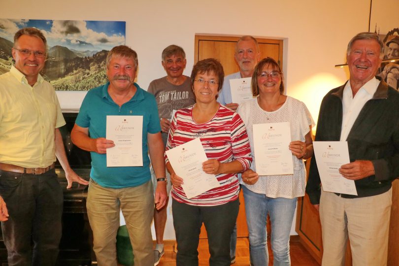Die Kolping Familie in Aschau besteht seit dem Jahr 1981 – also seit über 40 Jahren. Da im vergangenen Jahr keine Veranstaltungen stattfinden konnten, würdigte der Vorsitzende der Aschauer Kolpingsfamilie Johann Berghammer das Jubiläum bei der Jahreshauptversammlung des Vereins im Aschauer Pfarrheim. Auf Veranlassung von Pfarrer Hans Holzner fanden sich 1981 in der Aschauer Pfarrgemeinde Männer und Frauen zusammen, um die Ideen Adolf Kolpings auch im Oberen Priental mit Leben zu füllen. Zum Vorsitzenden der Gemeinschaft wählte die Versammlung damals Johann Berghammer; so konnte der Kolpingvorsitzende im Vorjahr zusammen mit der Gemeinschaft und elf Gründungsmitgliedern sein 40-jähriges Jubiläum im Dienst von Adolf Kolping begehen. Fünf von ihnen nahmen die Ehrenurkunde und die silberne Kolpingnadel aus der Hand des Vorsitzenden und des geistlichen Beirats Pfarrer Paul Janßen entgegen: Hans Aicher, Josef Baur, Christine Noichl, Uschi Pellkofer und Michael Stuffer. Ilse Goßner bedankte sich bei Johann Berghammer für seine umsichtige Vereinsführung, der Vorsitzende sei der Motor der Kolpingbewegung in Aschau, er wirke neben seiner Tätigkeit als Vorsitzender auch an anderen Stellen im Verein mit, sei es als Fähnrich, als Schriftführer oder als Nikolaus oder als Organisator der Kleidersammlungen. Zusammen mit Pfarrer Paul Janßen überreichte sie dem rührigen Vorsitzenden einen kleinen Präsentkorb.
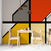 Ta sodobna fotografska ozadja prikazuje drzno geometrijski dizajn, ki združuje abstraktne oblike in svetle barve, kot so oranžna, rumena, siva in bež. Črne črte, ki določajo različne odseke, dodajo grafično in elegantno dimenzijo, popolno za sodobne interierje.
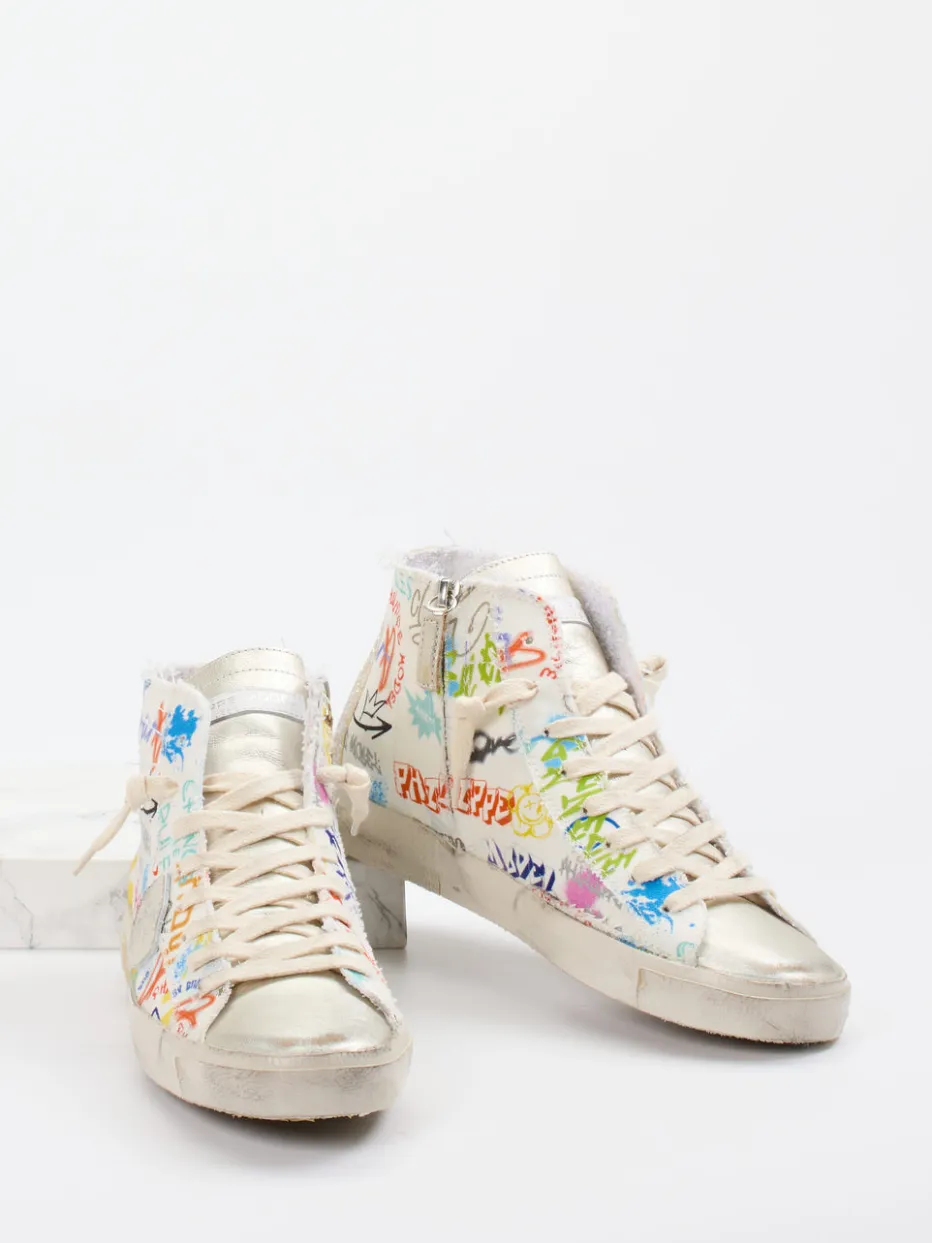 Streetwear trifft Pariser Nonchalance.Philippe Model erweitert mit diesem High-Top Sneaker die Damenkollektion um ein expressives Designstück. Ein idealer Begleiter bei Freizeitaktivitäten oder abendlichem Ausgehen: Der mehrfarbige Sneaker aus Textil zeigt sich mit glitzernden Partien, silberner Metallic-Lederkappe und einem markanten Graffiti-Print. Der hohe Schnitt wirkt klassisch, während Details wie das seitliche Markenwappen und die Vintage-Gummisohle die urbane Ausstrahlung unterstreichen. Ein innenliegender Reißverschluss erleichtert das An- und Ausziehen. Inspiriert von Streetstyle und Y2K-Trends, passt er hervorragend zu Oversized-Hoodies oder Destroyed Jeans. Ein Design voller Energie – exzentrisch, selbstbewusst und unverkennbar Philippe Model.
---
Exercise requirements:
Transcribe the data exactly and leave no picture in the copy.

Result of the exercise:
Die Kolping Familie in Aschau besteht seit dem Jahr 1981 – also seit über 40 Jahren. Da im vergangenen Jahr keine Veranstaltungen stattfinden konnten, würdigte der Vorsitzende der Aschauer Kolpingsfamilie Johann Berghammer das Jubiläum bei der Jahreshauptversammlung des Vereins im Aschauer Pfarrheim. Auf Veranlassung von Pfarrer Hans Holzner fanden sich 1981 in der Aschauer Pfarrgemeinde Männer und Frauen zusammen, um die Ideen Adolf Kolpings auch im Oberen Priental mit Leben zu füllen. Zum Vorsitzenden der Gemeinschaft wählte die Versammlung damals Johann Berghammer; so konnte der Kolpingvorsitzende im Vorjahr zusammen mit der Gemeinschaft und elf Gründungsmitgliedern sein 40-jähriges Jubiläum im Dienst von Adolf Kolping begehen. Fünf von ihnen nahmen die Ehrenurkunde und die silberne Kolpingnadel aus der Hand des Vorsitzenden und des geistlichen Beirats Pfarrer Paul Janßen entgegen: Hans Aicher, Josef Baur, Christine Noichl, Uschi Pellkofer und Michael Stuffer. Ilse Goßner bedankte sich bei Johann Berghammer für seine umsichtige Vereinsführung, der Vorsitzende sei der Motor der Kolpingbewegung in Aschau, er wirke neben seiner Tätigkeit als Vorsitzender auch an anderen Stellen im Verein mit, sei es als Fähnrich, als Schriftführer oder als Nikolaus oder als Organisator der Kleidersammlungen. Zusammen mit Pfarrer Paul Janßen überreichte sie dem rührigen Vorsitzenden einen kleinen Präsentkorb.
 Ta sodobna fotografska ozadja prikazuje drzno geometrijski dizajn, ki združuje abstraktne oblike in svetle barve, kot so oranžna, rumena, siva in bež. Črne črte, ki določajo različne odseke, dodajo grafično in elegantno dimenzijo, popolno za sodobne interierje.
 Streetwear trifft Pariser Nonchalance.Philippe Model erweitert mit diesem High-Top Sneaker die Damenkollektion um ein expressives Designstück. Ein idealer Begleiter bei Freizeitaktivitäten oder abendlichem Ausgehen: Der mehrfarbige Sneaker aus Textil zeigt sich mit glitzernden Partien, silberner Metallic-Lederkappe und einem markanten Graffiti-Print. Der hohe Schnitt wirkt klassisch, während Details wie das seitliche Markenwappen und die Vintage-Gummisohle die urbane Ausstrahlung unterstreichen. Ein innenliegender Reißverschluss erleichtert das An- und Ausziehen. Inspiriert von Streetstyle und Y2K-Trends, passt er hervorragend zu Oversized-Hoodies oder Destroyed Jeans. Ein Design voller Energie – exzentrisch, selbstbewusst und unverkennbar Philippe Model.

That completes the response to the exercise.